Pre-trends tests are necessary but not sufficient. A non-significant 2018 coefficient does not prove parallel trends; it could reflect low power rather than true equality. With only one pre-treatment period, the test is especially weak. Reporting the point estimate and confidence interval matters more than the p-value here.

Staggered treatment timing. Standard two-way fixed effects (TWFE) DiD can produce biased estimates when treatment turns on at different times for different units. If some LMAs experienced COVID-related economic disruption earlier than others (plausible given regional variation in shutdown timing), TWFE weights already-treated units negatively, contaminating the estimate. Callaway-Sant'Anna or Sun-Abraham corrections address this, though they require stronger data structure than what basic ACS panels provide.


When This Design Works Well

Not every policy question fits this framework. DiD with event study estimation tends to work well when the data structure supports its core assumptions:

  • Treatment timing is sharp and common across treated units (COVID onset in early 2020)
  • A credible control group exists (LMAs with different structural characteristics but similar pre-trends)
  • Panel data spans enough pre-treatment periods to test parallel trends
  • The outcome responds to treatment within the observation window

When It's Less Suitable

  • Treatment is continuous or gradual rather than discrete
  • No plausible control group shares pre-treatment trends
  • Anticipation effects exist (units change behavior before treatment)
  • Sample is too small for reliable clustering

When the standard statsmodels approach does not fit the data structure, particularly with staggered treatment timing or very large panels, the alternative packages mentioned at the top of this article can help.

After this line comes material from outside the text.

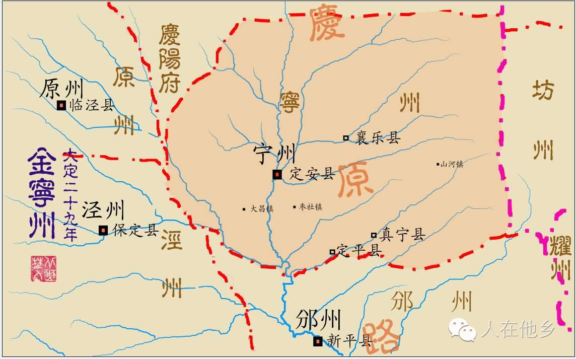 金宁州,大定二十九年。(金宁州包括襄乐县,真宁县,定安县)

Alternatives Worth Considering

PackageLanguageStrength
linearmodels (Python)PythonBuilt-in panel data models, absorbed fixed effects
csdidPython/RCallaway-Sant'Anna estimator for staggered DiD
did (R package)RComprehensive toolkit for heterogeneous treatment effects
fixest (R)RFast TWFE with Sun-Abraham corrections built in

For projects where staggered treatment timing is a concern, csdid implements the Callaway and Sant'Anna (2021) estimator, which avoids the negative weighting problem in standard TWFE. The linearmodels package offers PanelOLS with absorbed fixed effects, which is more memory-efficient than manually creating dummy variables for large panels.


Limitations

The single pre-treatment year (2018) limits our ability to test parallel trends rigorously. More pre-treatment periods would strengthen the design considerably.

LMA-level treatment assignment means we're working with a relatively small number of clusters, which affects standard error reliability as discussed in Step 5.


Code Availability

The full estimation pipeline is implemented in two scripts:

  • 08_event_study.py (467 lines): Event study DiD with WLS, cluster-robust SEs, and visualization
  • 09_triple_diff.py (409 lines): Triple-difference extension incorporating a third dimension of heterogeneity

Methodological Notes

[1] LMA typologies are constructed from ACS 5-year estimates of median household income and Gini coefficients, classified at the median split. Alternative classifications (terciles, continuous measures) serve as robustness checks.

[2] Person weights (perwt) from IPUMS reflect the Census Bureau's sampling design and post-stratification adjustments. Using unweighted estimates would over-represent areas where ACS sampling rates are higher relative to population.